Exercise aim
Please return the full listing exactly as written, with the images removed.

Dataset excerpts
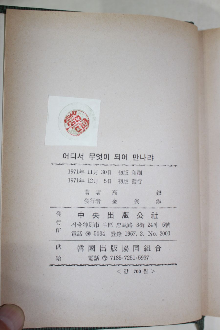 • 1971년초판 고은(高銀) 어디서 무엇이 되어 만나랴
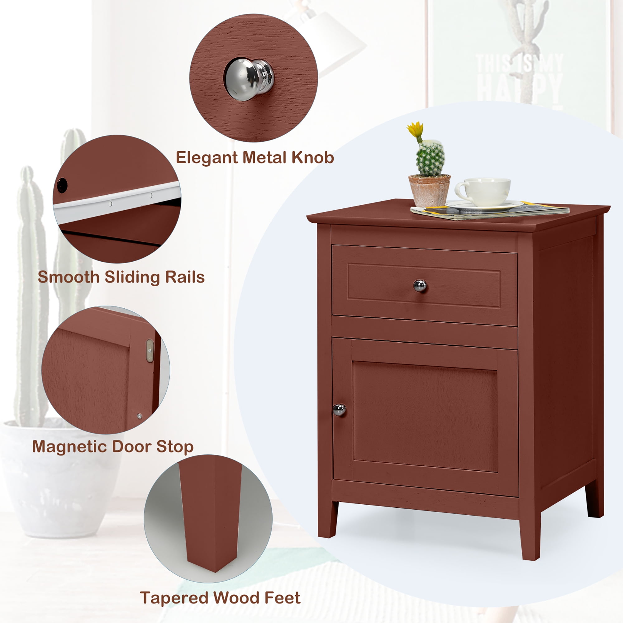 Costway Nightstand with Drawer Accent Side End Table Storage Cabinet Cherry
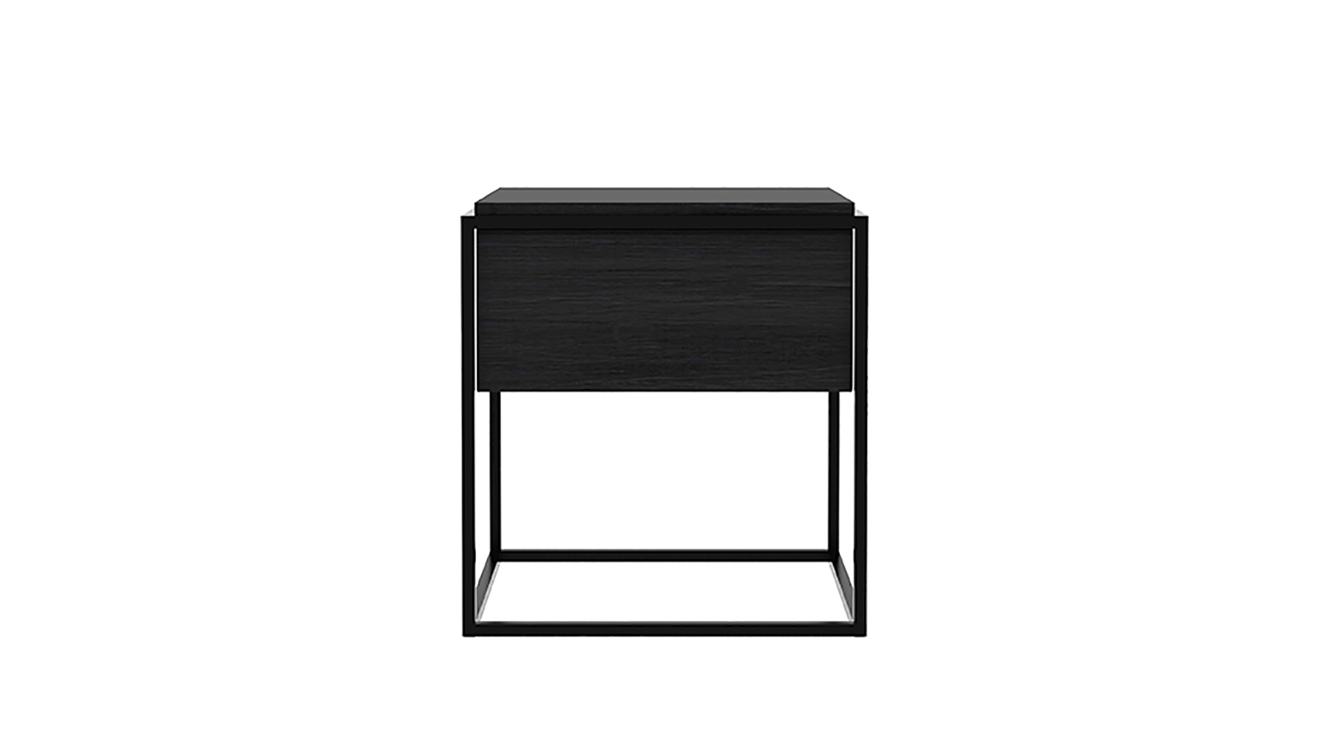 The Monolit bedside tables are modern, single drawer units in oak with a metal frame in black. The minimalist Monolit bedside table offers ample storage and serves as a convenient stand for bedside essentials.
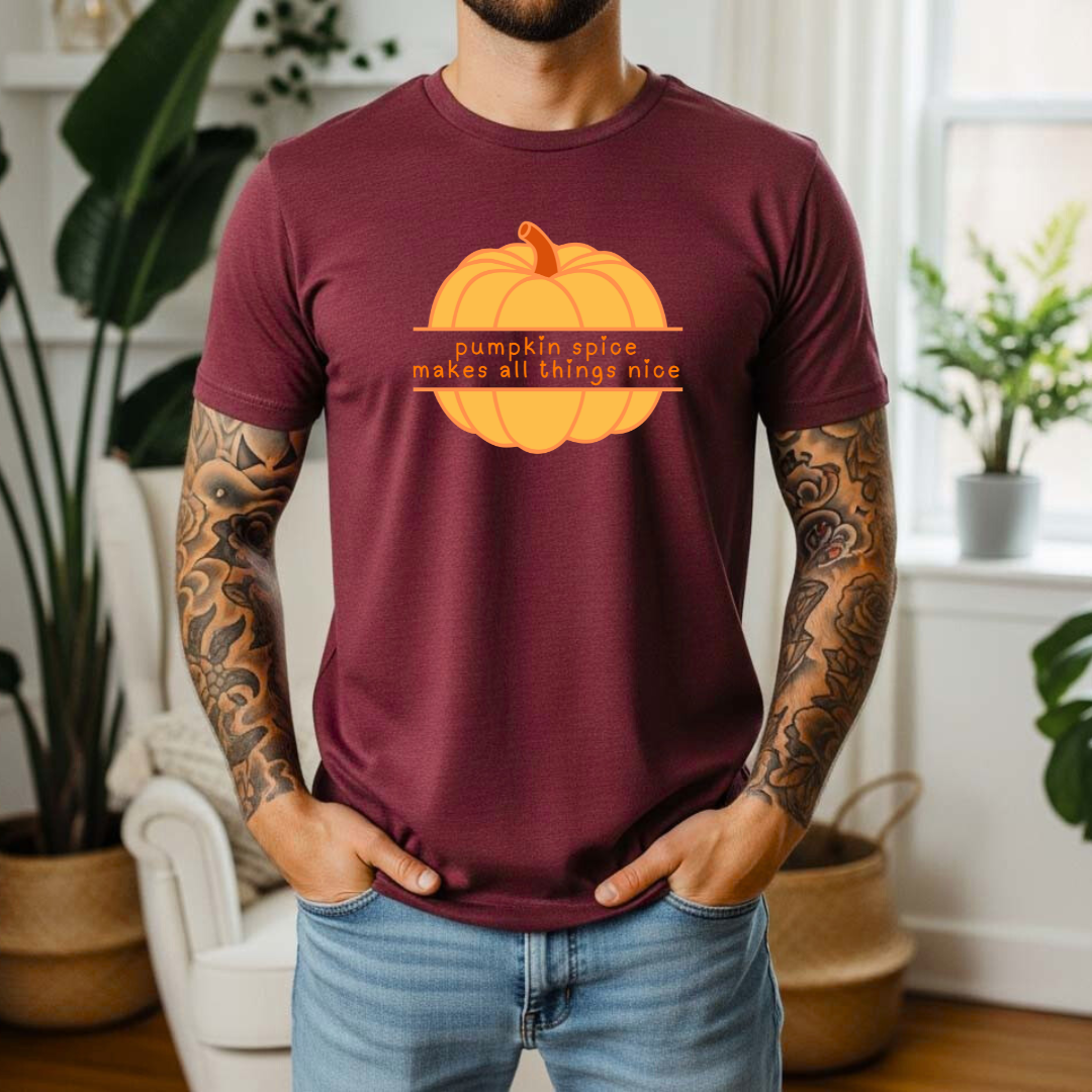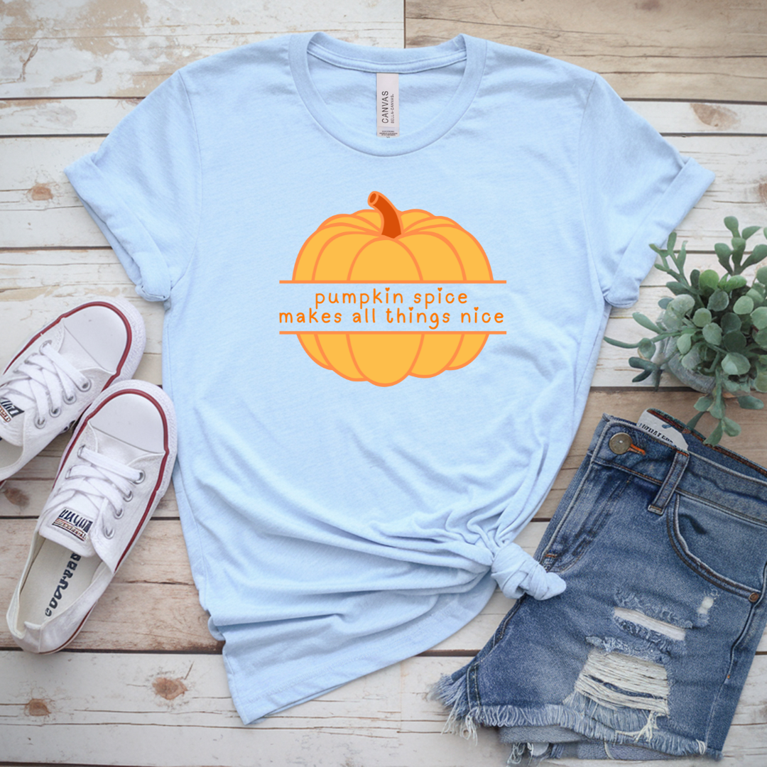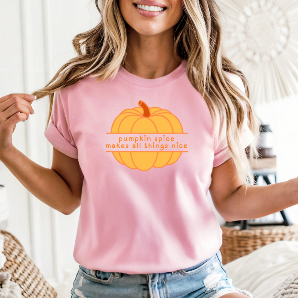 Pumpkin Spice Makes All Things Nice T-Shirt | Cozy Autumn Graphic Tee | Fall Pumpkin Shirt
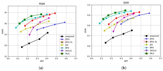 Baselines: We compare the proposed method with standard image compression techniques such as JPEG, J2K, JPEG XL, and BPG, as well as with the deep learning-based image codec DSSLIC [] and MLIC [].
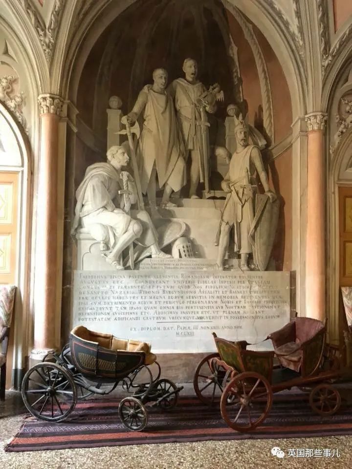 门厅正中央是资助城堡建设的Sannazzaro家4位骑士的雕塑…
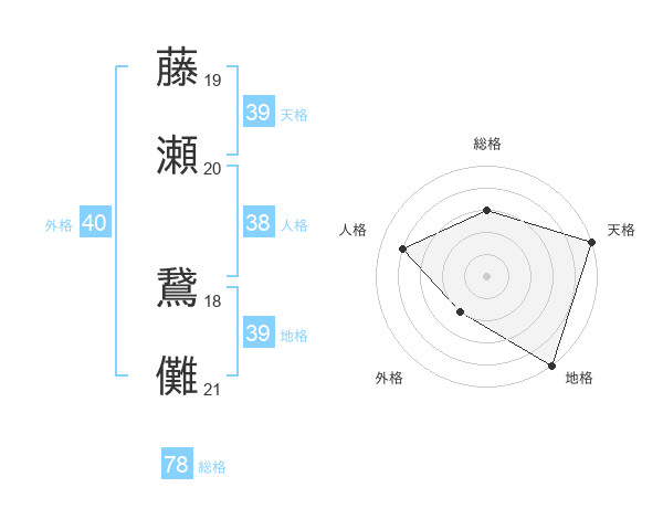 藤瀬 鵞儺さんの総格は78画の3点!
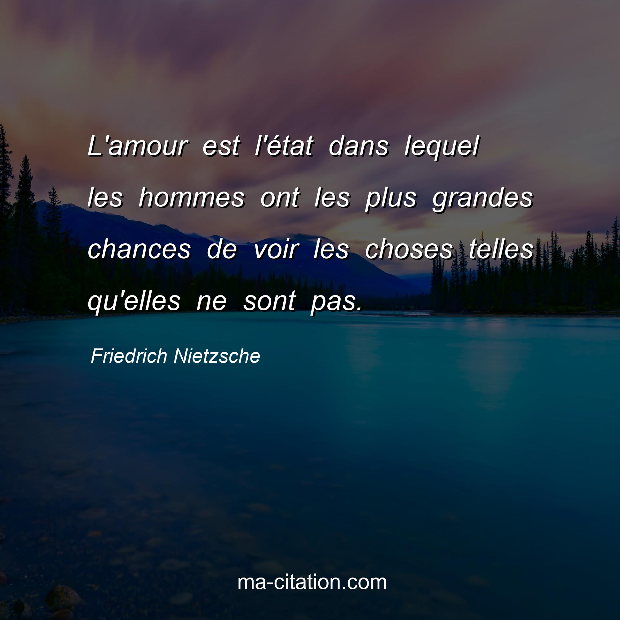 Citation sur la vie de Friedrich Nietzsche :L'amour est l'état dans lequel les hommes ont les plus grandes chances de voir les choses telles qu'elles ne sont pas.
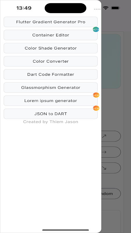- Gerador de gradiente: crie belos gradientes lineares, radiais e de varredura personalizados para Flutter.
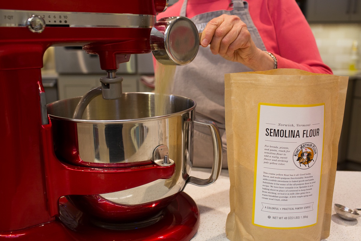 Stir in 1/2 cup (82g) semolina. This adds a bit of warm color and slight crunch, but substitute unbleached all-purpose flour if you don't have semolina.
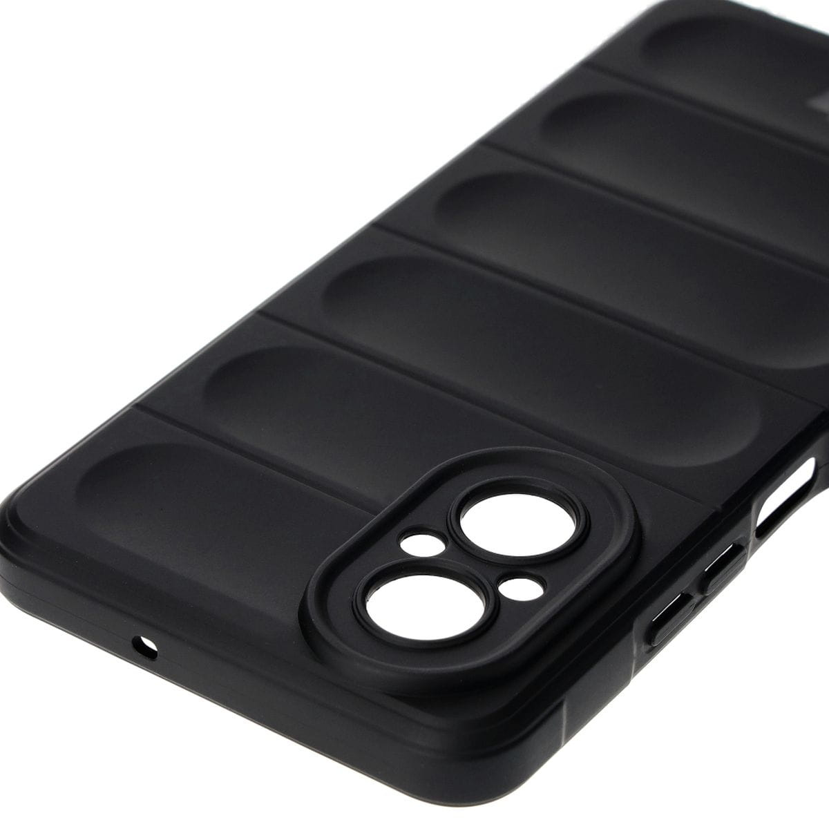 Design etui nie tylko ciekawie wygląda — wyżłobienia pełnią funkcję niewidzialnych poduszek powietrznych! Tur bez mocnych rogów nie byłby turem, więc takie samo rozwiązanie zastosowano również w rogach futerału.
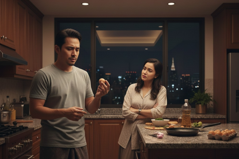 - Pertengkaran berlaku kerana dia terpaksa tampung perbelanjaan rumah dan mengungkit soal makan minum.
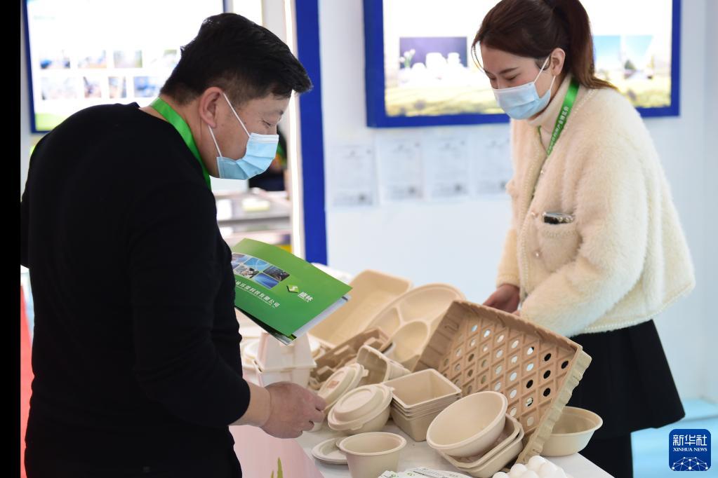 12月3日,参观者在2021安徽秸秆暨畜禽养殖废弃物综合利用产业博览会上了解一款秸秆餐具。
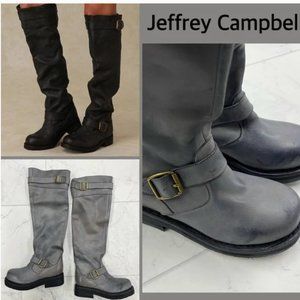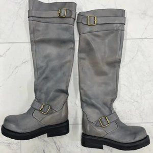 New in box, soft distressed leather, knee high, they have small scuffs from trying on. 1.5 "heel. The color is gray. Retail $298.00
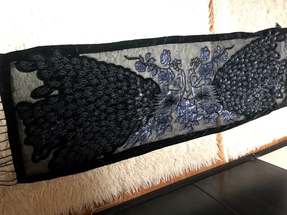 -Veliki šal od tankog crnog pliša i tila sa sivo ljubičastim dezenom, uživo prekrasan, 154/51 cm … 8 eu
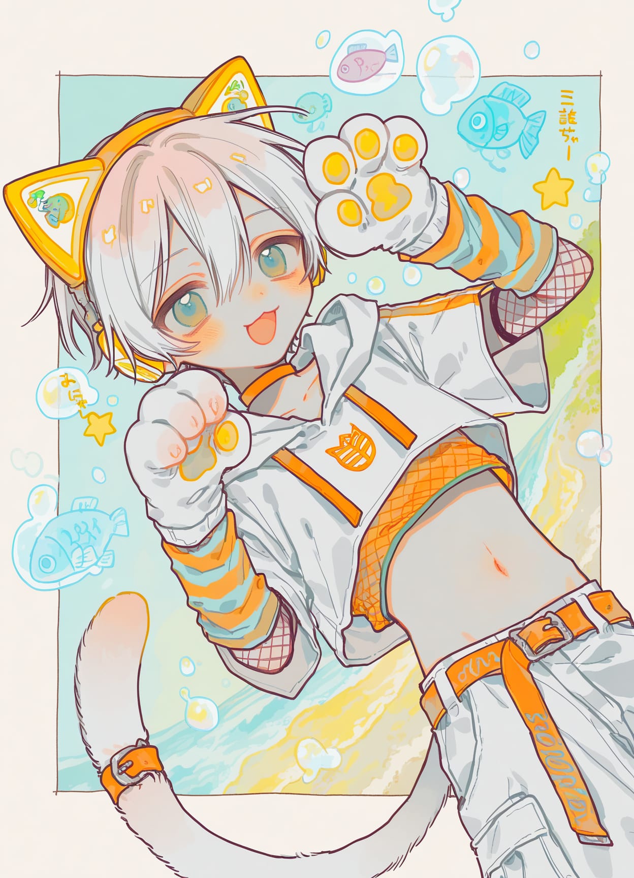 choker,fingerless gloves,(tight arm warmers),cat ears,artificial ears,tail belt
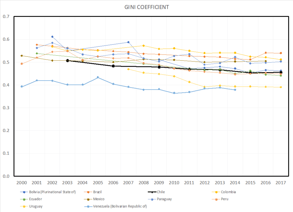 Dos cuestiones a resaltar. En primer lugar no se observa que Chile posea una peor distribución del ingreso que otros países; por el contrario, parece encontrarse en una mejor situación que el promedio de los países representativos en el gráfico. Si fuese cierto que la distribución del ingreso en Chile es significativamente peor que al de otros países, esto deberíamos verlo en el gráfico. De hecho, el gráfico tiene sólo dos países con una clara mejor distribución del ingreso, (1) Uruguay y (2) Venezuela. ¿Se justifica obtener esa mejora en la distribución del ingreso a costa de volverse una Venezuela (situación que la izquierda oscila entre ignorar y sostener que no es un verdadero régimen socialista) cuando se puede ser Uruguay?

Response area
 • 1971년초판 고은(高銀) 어디서 무엇이 되어 만나랴
 Costway Nightstand with Drawer Accent Side End Table Storage Cabinet Cherry
 The Monolit bedside tables are modern, single drawer units in oak with a metal frame in black. The minimalist Monolit bedside table offers ample storage and serves as a convenient stand for bedside essentials.
 Pumpkin Spice Makes All Things Nice T-Shirt | Cozy Autumn Graphic Tee | Fall Pumpkin Shirt
 Baselines: We compare the proposed method with standard image compression techniques such as JPEG, J2K, JPEG XL, and BPG, as well as with the deep learning-based image codec DSSLIC [] and MLIC [].
 门厅正中央是资助城堡建设的Sannazzaro家4位骑士的雕塑…
 藤瀬 鵞儺さんの総格は78画の3点!
 Citation sur la vie de Friedrich Nietzsche :L'amour est l'état dans lequel les hommes ont les plus grandes chances de voir les choses telles qu'elles ne sont pas.
- Gerador de gradiente: crie belos gradientes lineares, radiais e de varredura personalizados para Flutter.
 Stir in 1/2 cup (82g) semolina. This adds a bit of warm color and slight crunch, but substitute unbleached all-purpose flour if you don't have semolina.
 Design etui nie tylko ciekawie wygląda — wyżłobienia pełnią funkcję niewidzialnych poduszek powietrznych! Tur bez mocnych rogów nie byłby turem, więc takie samo rozwiązanie zastosowano również w rogach futerału.
 - Pertengkaran berlaku kerana dia terpaksa tampung perbelanjaan rumah dan mengungkit soal makan minum.
 12月3日,参观者在2021安徽秸秆暨畜禽养殖废弃物综合利用产业博览会上了解一款秸秆餐具。
 New in box, soft distressed leather, knee high, they have small scuffs from trying on. 1.5 "heel. The color is gray. Retail $298.00
 -Veliki šal od tankog crnog pliša i tila sa sivo ljubičastim dezenom, uživo prekrasan, 154/51 cm … 8 eu
 choker,fingerless gloves,(tight arm warmers),cat ears,artificial ears,tail belt
 Dos cuestiones a resaltar. En primer lugar no se observa que Chile posea una peor distribución del ingreso que otros países; por el contrario, parece encontrarse en una mejor situación que el promedio de los países representativos en el gráfico. Si fuese cierto que la distribución del ingreso en Chile es significativamente peor que al de otros países, esto deberíamos verlo en el gráfico. De hecho, el gráfico tiene sólo dos países con una clara mejor distribución del ingreso, (1) Uruguay y (2) Venezuela. ¿Se justifica obtener esa mejora en la distribución del ingreso a costa de volverse una Venezuela (situación que la izquierda oscila entre ignorar y sostener que no es un verdadero régimen socialista) cuando se puede ser Uruguay?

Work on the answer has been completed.